Records from a dataset

- - - - -

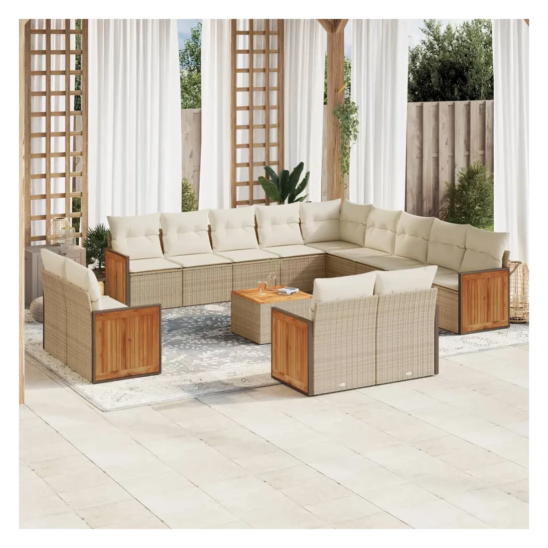 Cet ensemble de canapés de jardin est le complément parfait de votre arrière-cour, terrasse ou patio, offrant un espace confortable et accueillant pour discuter avec la famille et les amis ou simplement se détendre et profiter de l'extérieur. Matériau durable : la résine tressée, également connue sous le nom de poly rotin, est un matériau synthétique solide et nécessitant peu d'entretien qui ressemble au rotin naturel. Il est léger, facile à nettoyer et couramment utilisé pour les meubles d'extérieur en raison de sa durabilité et de ses propriétés de résistance aux intempéries.Fonction de rangement avec sac résistant à l'eau : le mobilier de jardin dispose d'un espace de rangement sous l'assise, complété par un sac résistant à l'eau pour ranger coussins, jouets et autres objets. Le sac intérieur peut être solidement fixé au mobilier d'extérieur grâce à des attaches auto-agrippantes pour plus de stabilité.Dessus stable et facile à nettoyer : cette table de jardin a un dessus en bois d'acacia robuste, durable et facile à nettoyer avec un chiffon humide.Housse amovible et lavable : ces coussins de siège sont dotés de housses amovibles pour un lavage et un entretien faciles.Conception modulaire : cet ensemble de meubles d'extérieur a une conception modulaire, ce qui le rend complètement flexible et facile à déplacer, afin que vous puissiez créer un agencement de meubles d'extérieur personnalisé. Bon à savoir :Pour que vos meubles d'extérieur restent beaux, nous vous recommandons de les protéger avec une housse imperméable.
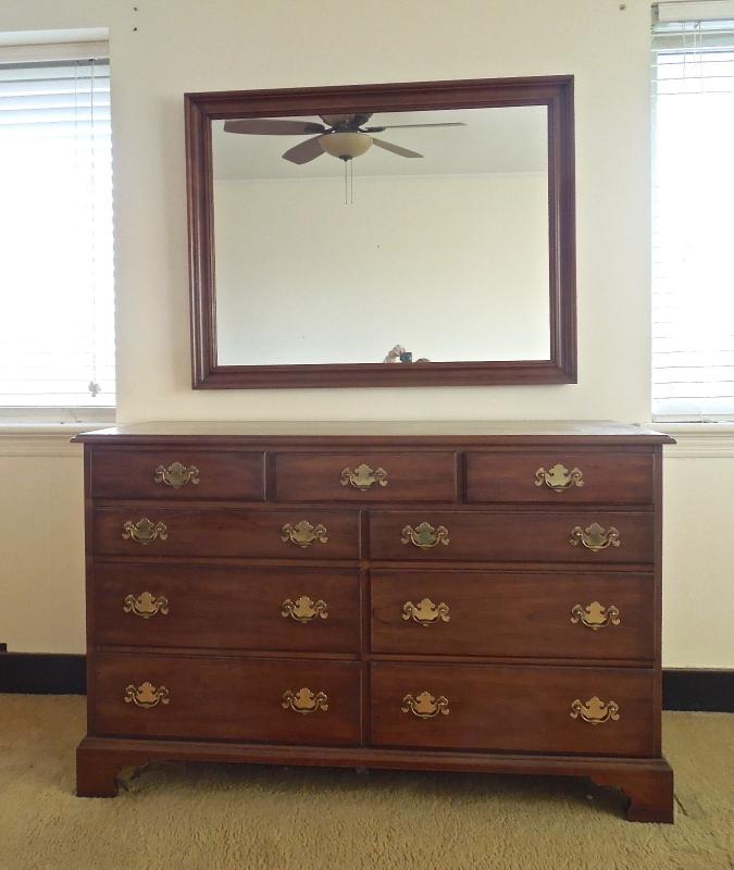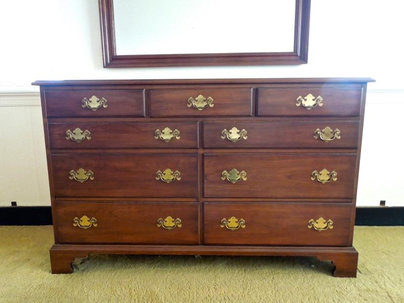 Made in Virginia of Black Cherry. Batwing brass hardware. Chippendale early american style. Dovetailed drawers. Minimal surface scratches. 54" L x 21" W x 35" H. Matching mirror is 45" x 34".
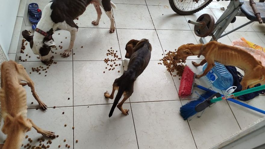 Todos los animales fueron encontrados en estado caquéxico, es decir, en un estado de desnutrición extrema debido a la falta de alimentación diaria. Lamentablemente, una de las cachorras, a quien sus rescatistas le dieron el nombre de "Cristina", no resistió y murió hace un par de horas.
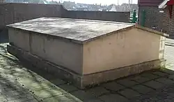 Jenkins enlisted William Huntington to open the church, which was completed in 1805.[3] Huntington, originally from Cranbrook in Kent, was an orthodox but controversial Calvinist preacher who ministered at Providence Chapel, Grays Inn Lane, London. Known by various pseudonyms, he became very popular in southeast England in the early 19th century, and helped to found several Calvinist chapels.[6] An example of his eccentricity was his reference to Jenkins as "W.A." (the "Welsh Ambassador") and himself as "S.S." ("Sinner Saved");[7] the "W.A." epithet featured on a tablet below the chapel's gabled roof which commemorated its opening. It reads Jireh chapel erected by J. Jenkins W.A. with the voluntary Contributions of the Citizens of Zion; Anno Domini MDCCCV.[3][8] Huntington died in 1813 and was buried in a tomb in the small graveyard behind the chapel.[4][7][9]
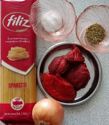 1 paket makarna 1 orta boy soğan 1 yemek kaşığı biber salçası 2 yemek kaşığı domates salçası tuz,kekik ,istediğiniz baharatlar haslamak için su
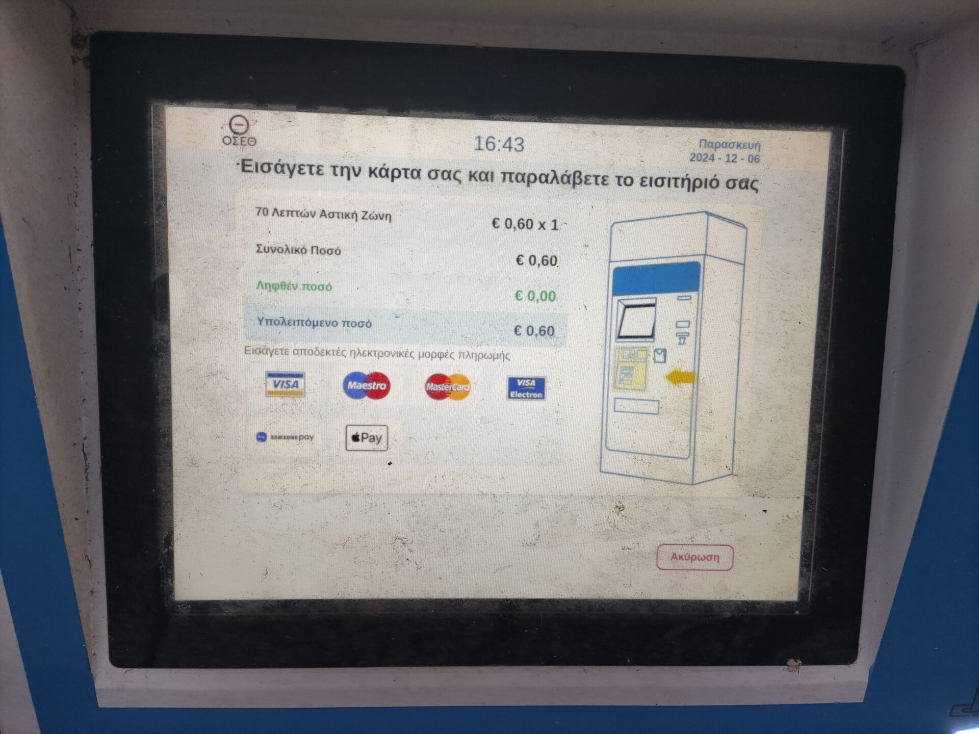 Ωστόσο, τα προβλήματα που συναντούμε στους αυτόματους πωλητές του μετρό δεν λείπουν και εδώ. Συγκεκριμένα, επιτρέπονται μόνο χαρτονομίσματα των 5 ευρώ, με τις άλλες επιλογές να είναι «κλειδωμένες». Επίσης, στον πωλητή του Ν.Σ. Σταθμού δεν υπάρχει καν διαθέσιμη η επιλογή για πληρωμή με κάρτα, ενώ στον πωλητή της ΧΑΝΘ είναι μεν διαθέσιμη αλλά οι κάρτες δεν αναγνωρίζονται και το POS βγάζει το μήνυμα: «ΠΡΟΒΛΗΜΑ ΕΠΙΚΟΙΝΩΝΙΑΣ – ΔΟΚΙΜΑΣΤΕ ΞΑΝΑ».

- - - - -

Task objective: Exact copy, pictures excluded: print only the lines from the line containing "1 paket makarna" through the end of the records.

Reply:
 1 paket makarna 1 orta boy soğan 1 yemek kaşığı biber salçası 2 yemek kaşığı domates salçası tuz,kekik ,istediğiniz baharatlar haslamak için su
 Ωστόσο, τα προβλήματα που συναντούμε στους αυτόματους πωλητές του μετρό δεν λείπουν και εδώ. Συγκεκριμένα, επιτρέπονται μόνο χαρτονομίσματα των 5 ευρώ, με τις άλλες επιλογές να είναι «κλειδωμένες». Επίσης, στον πωλητή του Ν.Σ. Σταθμού δεν υπάρχει καν διαθέσιμη η επιλογή για πληρωμή με κάρτα, ενώ στον πωλητή της ΧΑΝΘ είναι μεν διαθέσιμη αλλά οι κάρτες δεν αναγνωρίζονται και το POS βγάζει το μήνυμα: «ΠΡΟΒΛΗΜΑ ΕΠΙΚΟΙΝΩΝΙΑΣ – ΔΟΚΙΜΑΣΤΕ ΞΑΝΑ».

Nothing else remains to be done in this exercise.